Потерли Яшеньку бальзамчиком, но лучше не было. Напротив того, к вечеру Наталья Павловна вынуждена была послать за священником.
— Вы меня, милая маменька, простите! — говорил Яшенька все более и более слабеющим голосом, — иногда я вас огорчал… иногда я забывал, что первый долг сына утешать родителей своим хорошим поведением…
Наталья Павловна неутешно рыдала.
— Мне, милая маменька, теперь очень спокойно и весело. Жаль только, что вам не с кем будет время разделить… Я, маменька, хоть и не одарен большими способностями, однако все-таки в доме живой человек был…

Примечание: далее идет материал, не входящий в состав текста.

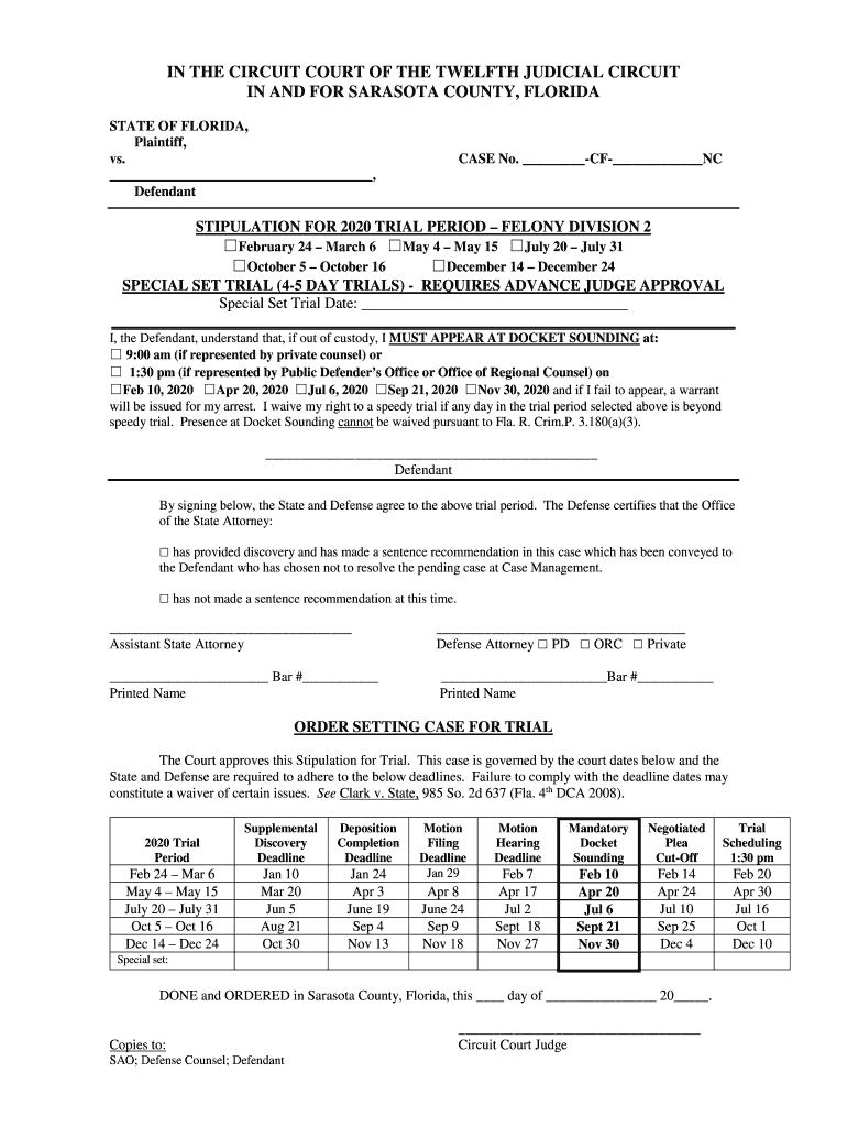 IN THE CIRCUIT COURT OF THE TWELFTH JUDICIAL CIRCUIT IN AND FOR SARASOTA COUNTY, FLORIDA STATE OF FLORIDA, Plaintiff, vs., Defendant CASE No. CF STIPULATION FOR 2020 TRIAL PERIOD FELONY DIVISION 2

— Господи!.. Яшенька! да не оставляй же, не оставляй же ты меня, друг мой! — закричала Наталья Павловна неестественным голосом.
— Нет, маменька… я, конечно, был бы готов исполнить ваше милостивое приказание… Ах, маменька, маменька!..
Яшенька вздрогнул и перекрестился. Через секунду в объятиях Натальи Павловны был уже труп его.
Два отрывка из «Книги об умирающих»[66]
I
Старость не радость: и пришибить некому, и умереть не хочется.
Вечер. Сальная свеча сомнительно и тускло горит в надломанном медном подсвечнике; в комнате темно и холодно; тоскливо и мерно дребезжит в окна дождь; с улицы долетает какой-то странный, смешанный звук, как будто жужжание несносного комара… Не разберешь, что это такое: далекий ли гул многолюдного города, не устающего от забот даже в поздний вечерний час, вздох ли это бедных странников моря житейского, для которых не припасено в этом мире пухового изголовья, или же просто-напросто шлепанье крупных капель дождя о крыши домов… Господи! один этот звук может иссосать сердце тоскою!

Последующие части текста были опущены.